[Opening Records for processing section]

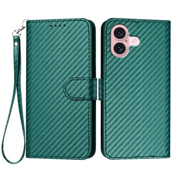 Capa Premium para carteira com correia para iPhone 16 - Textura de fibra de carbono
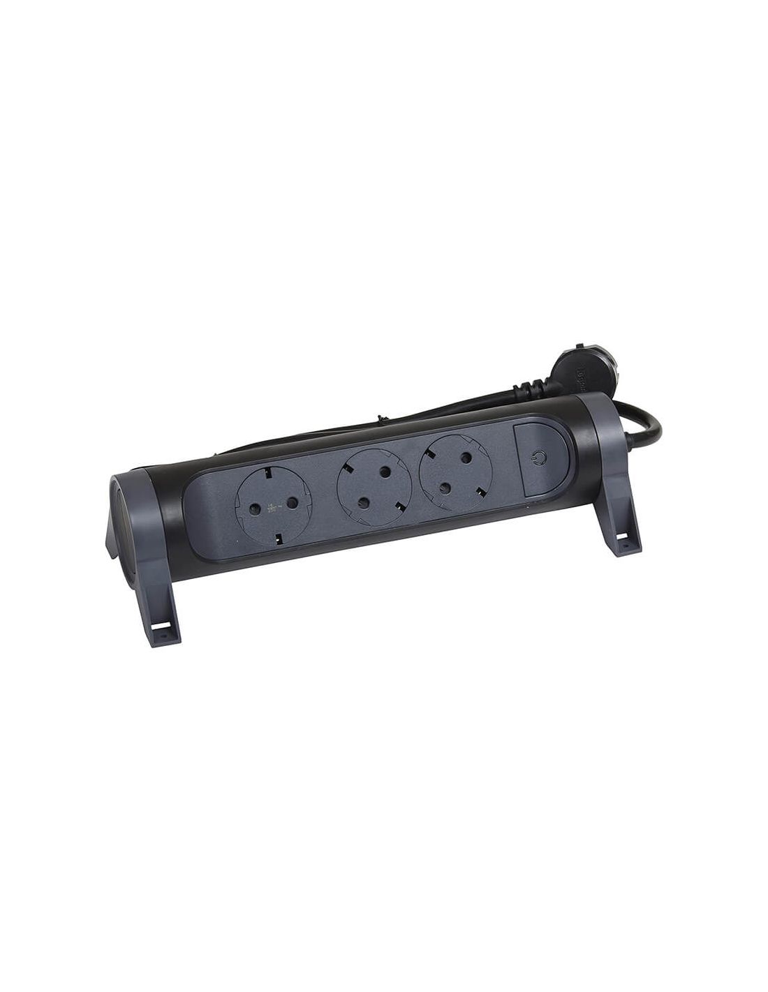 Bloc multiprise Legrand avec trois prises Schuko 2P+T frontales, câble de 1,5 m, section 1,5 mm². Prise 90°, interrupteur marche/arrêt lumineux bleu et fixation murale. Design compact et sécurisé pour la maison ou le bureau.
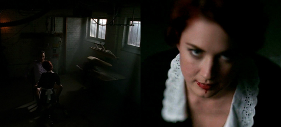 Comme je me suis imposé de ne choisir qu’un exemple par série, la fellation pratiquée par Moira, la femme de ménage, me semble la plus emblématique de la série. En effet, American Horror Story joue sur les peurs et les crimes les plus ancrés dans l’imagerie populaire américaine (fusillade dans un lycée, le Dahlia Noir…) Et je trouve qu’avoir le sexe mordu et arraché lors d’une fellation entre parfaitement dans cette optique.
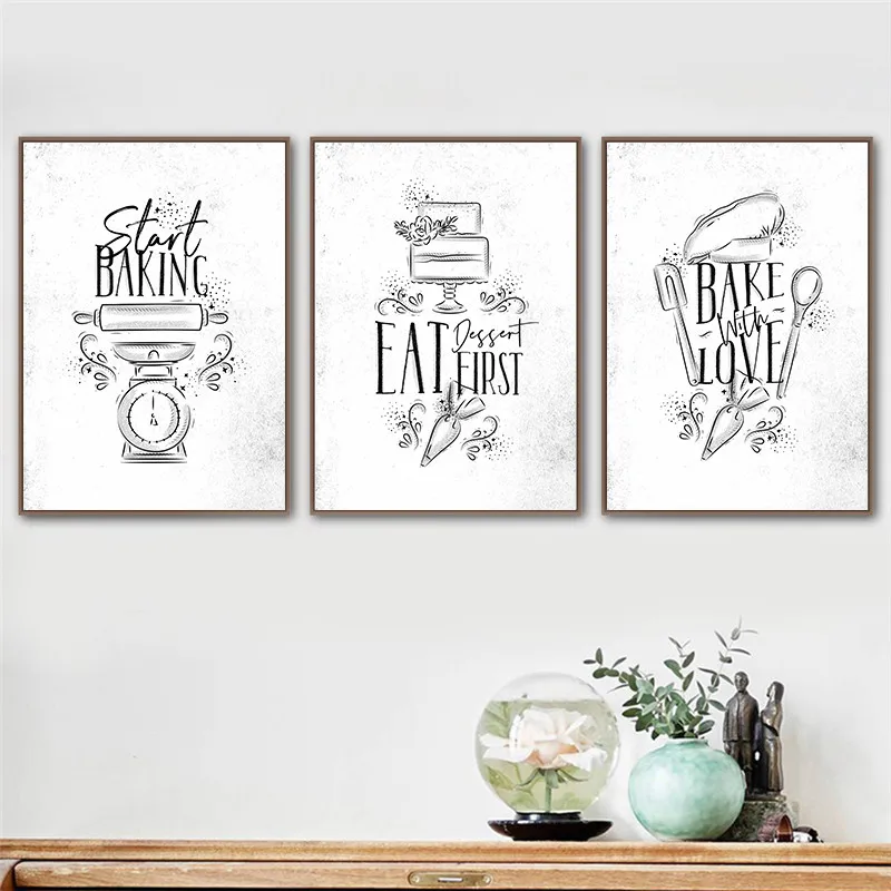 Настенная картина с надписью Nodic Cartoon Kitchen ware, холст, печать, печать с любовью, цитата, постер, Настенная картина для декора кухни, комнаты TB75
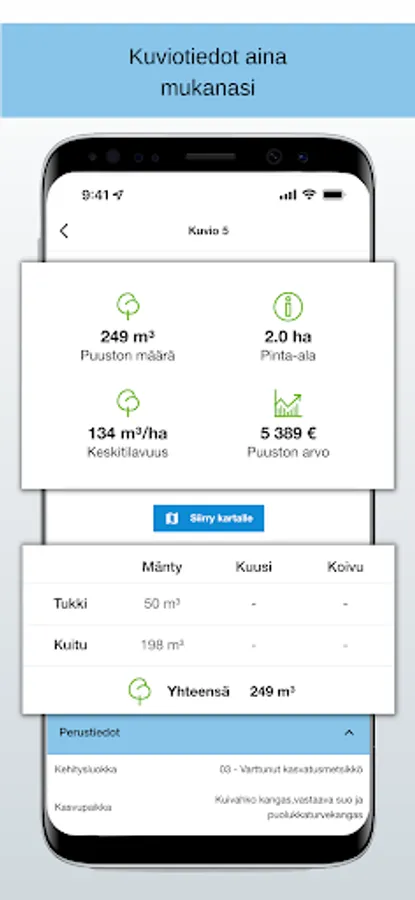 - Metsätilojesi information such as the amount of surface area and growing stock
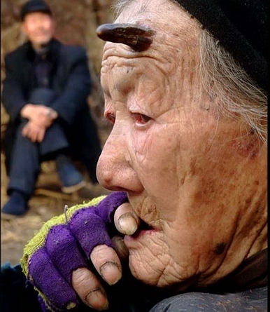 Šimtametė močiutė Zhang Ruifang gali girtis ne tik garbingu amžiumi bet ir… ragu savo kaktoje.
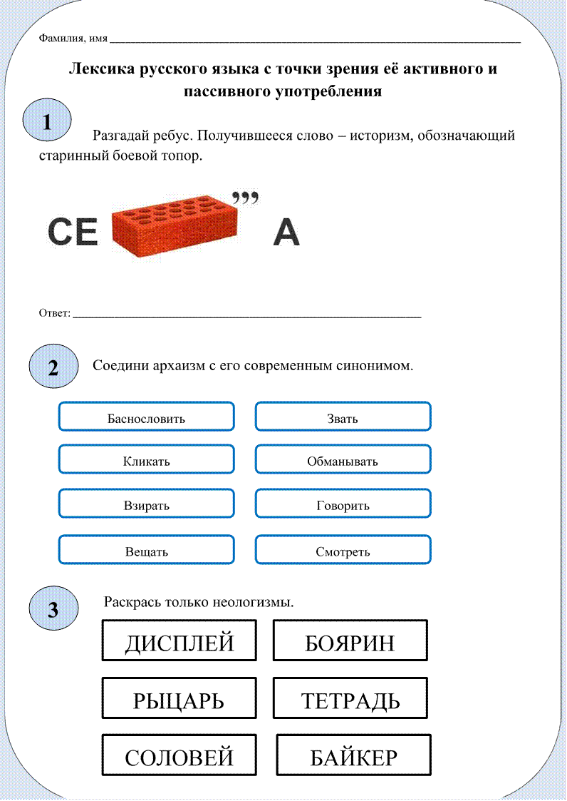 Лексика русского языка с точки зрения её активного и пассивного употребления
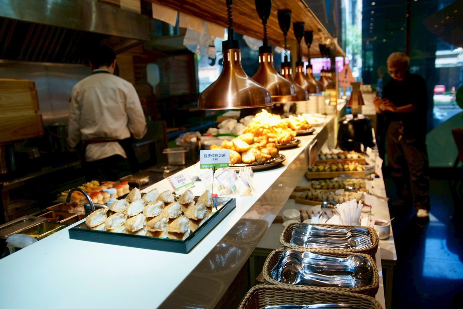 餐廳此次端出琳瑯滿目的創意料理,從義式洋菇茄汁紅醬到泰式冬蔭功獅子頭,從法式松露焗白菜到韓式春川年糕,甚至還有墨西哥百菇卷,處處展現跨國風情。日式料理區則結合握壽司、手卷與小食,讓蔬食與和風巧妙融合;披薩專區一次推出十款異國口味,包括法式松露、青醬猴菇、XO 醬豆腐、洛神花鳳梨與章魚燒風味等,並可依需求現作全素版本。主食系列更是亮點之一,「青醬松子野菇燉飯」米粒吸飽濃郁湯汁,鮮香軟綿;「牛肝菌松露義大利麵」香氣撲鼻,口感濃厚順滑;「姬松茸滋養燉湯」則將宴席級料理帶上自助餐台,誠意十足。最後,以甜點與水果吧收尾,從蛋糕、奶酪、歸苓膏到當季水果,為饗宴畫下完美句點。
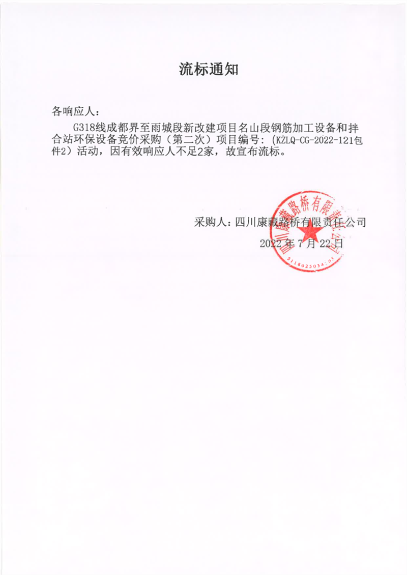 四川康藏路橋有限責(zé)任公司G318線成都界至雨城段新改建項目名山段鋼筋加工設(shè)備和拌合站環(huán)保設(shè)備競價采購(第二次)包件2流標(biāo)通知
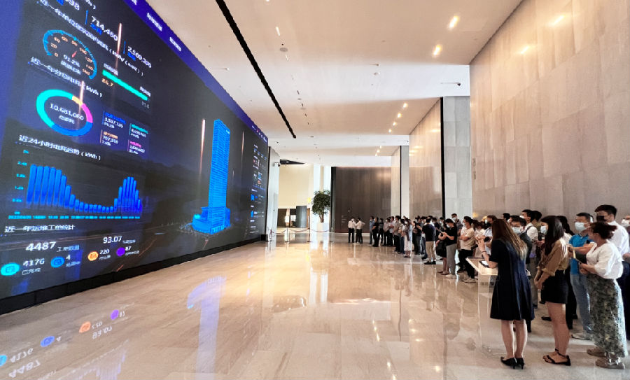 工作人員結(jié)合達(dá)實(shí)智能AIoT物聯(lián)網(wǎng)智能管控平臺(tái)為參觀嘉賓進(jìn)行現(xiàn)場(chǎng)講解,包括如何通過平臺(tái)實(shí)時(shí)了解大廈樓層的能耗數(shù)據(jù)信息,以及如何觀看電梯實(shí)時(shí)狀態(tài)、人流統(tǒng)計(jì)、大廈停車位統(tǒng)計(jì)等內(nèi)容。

[Closing Records for processing section]
[Opening Records for processing section]

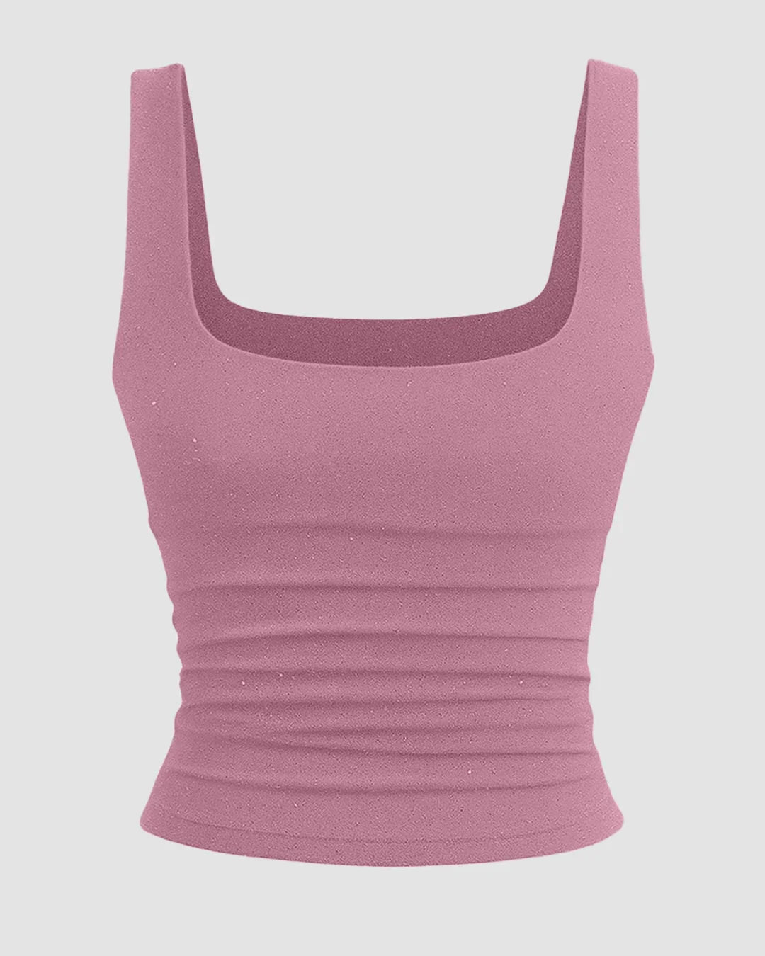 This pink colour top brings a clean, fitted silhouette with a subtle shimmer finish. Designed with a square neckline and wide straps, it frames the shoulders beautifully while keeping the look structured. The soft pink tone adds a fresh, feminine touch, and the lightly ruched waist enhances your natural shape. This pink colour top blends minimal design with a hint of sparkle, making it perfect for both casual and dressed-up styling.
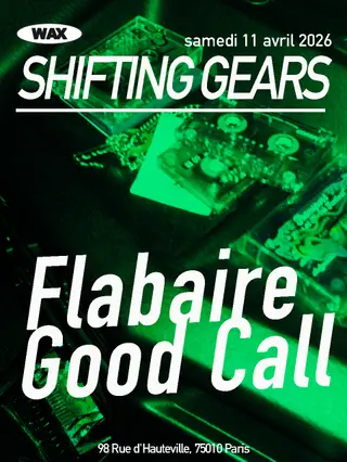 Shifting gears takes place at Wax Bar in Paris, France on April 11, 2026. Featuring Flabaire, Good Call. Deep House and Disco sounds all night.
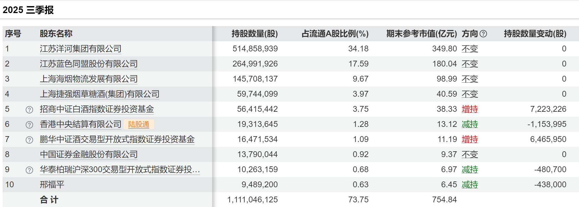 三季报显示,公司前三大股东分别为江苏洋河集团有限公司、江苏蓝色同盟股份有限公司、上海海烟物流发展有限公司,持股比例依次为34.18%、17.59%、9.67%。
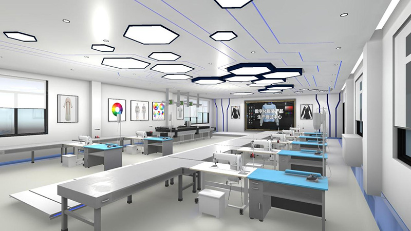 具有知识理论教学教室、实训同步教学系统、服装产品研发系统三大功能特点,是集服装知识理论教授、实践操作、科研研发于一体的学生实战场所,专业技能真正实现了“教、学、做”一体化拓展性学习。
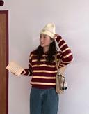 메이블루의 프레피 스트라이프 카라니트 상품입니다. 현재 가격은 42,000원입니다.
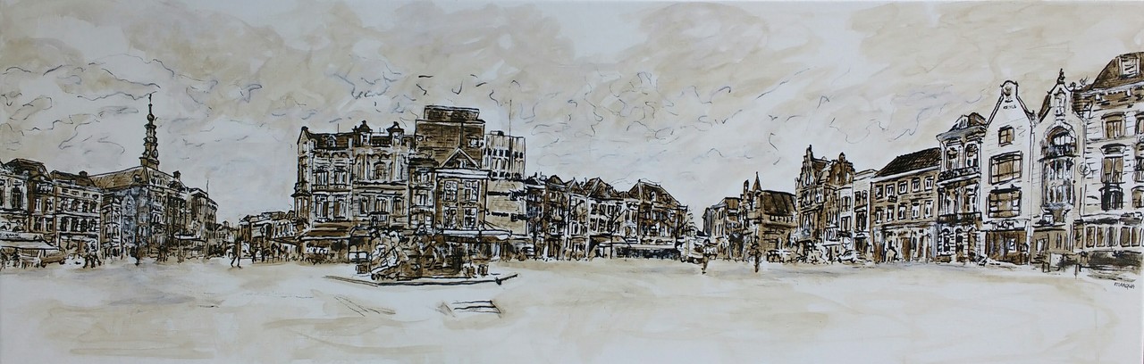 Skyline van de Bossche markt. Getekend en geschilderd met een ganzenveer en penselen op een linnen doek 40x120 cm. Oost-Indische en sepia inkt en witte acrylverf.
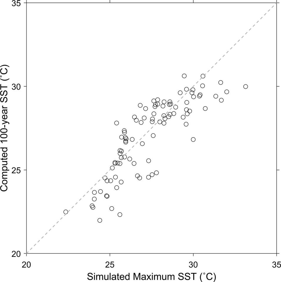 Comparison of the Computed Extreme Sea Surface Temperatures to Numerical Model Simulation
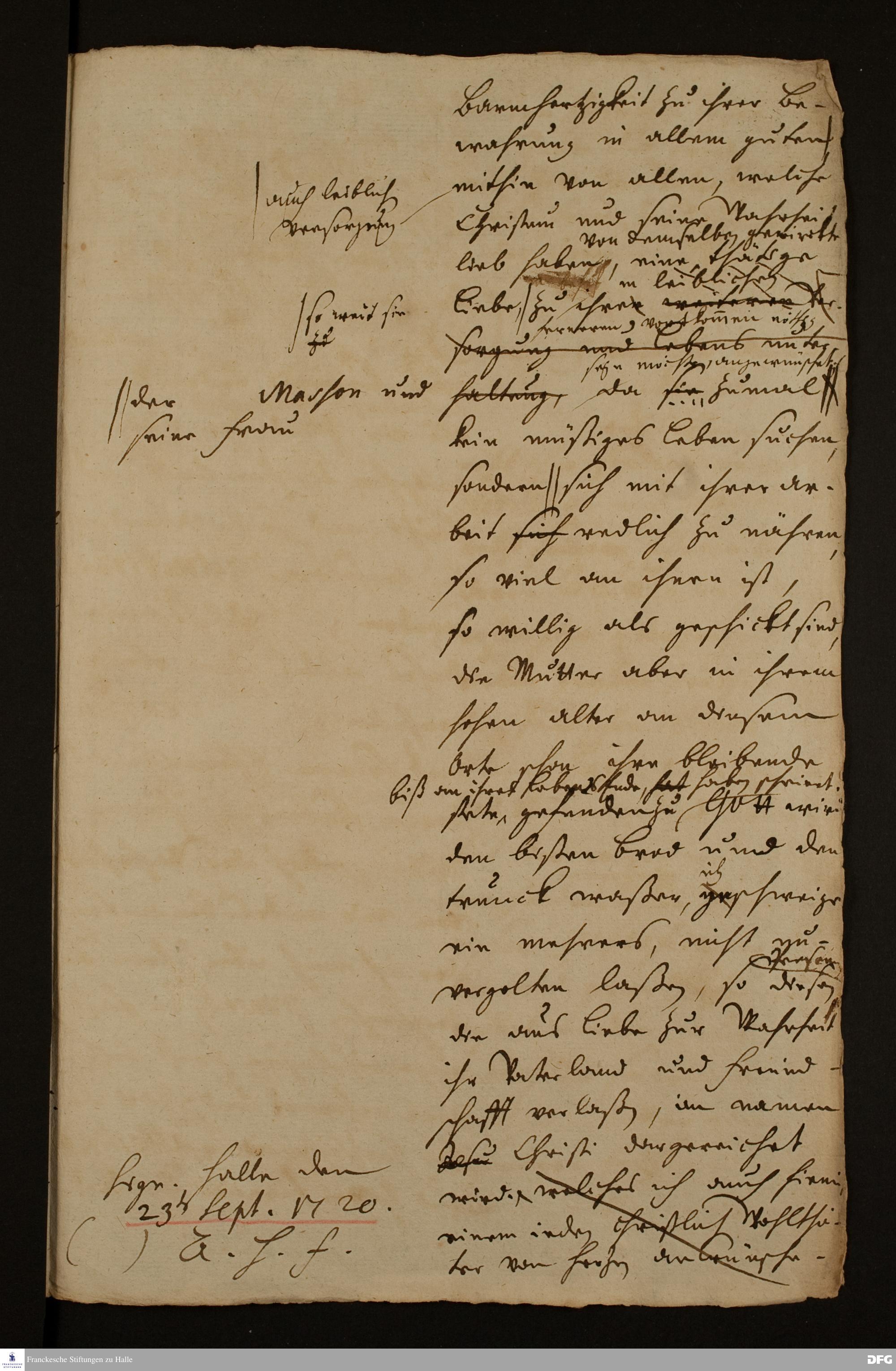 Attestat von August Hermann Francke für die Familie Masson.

[Closing Records for processing section]

Instructions for the task – Repeat only the stretch of data above that runs from the line with "메이블루의 프레피 스트라이프" to the line with "Attestat von August". Keep both end lines; exclude pictures.

Output of the task –
 메이블루의 프레피 스트라이프 카라니트 상품입니다. 현재 가격은 42,000원입니다.
 Skyline van de Bossche markt. Getekend en geschilderd met een ganzenveer en penselen op een linnen doek 40x120 cm. Oost-Indische en sepia inkt en witte acrylverf.
 Comparison of the Computed Extreme Sea Surface Temperatures to Numerical Model Simulation
 Attestat von August Hermann Francke für die Familie Masson.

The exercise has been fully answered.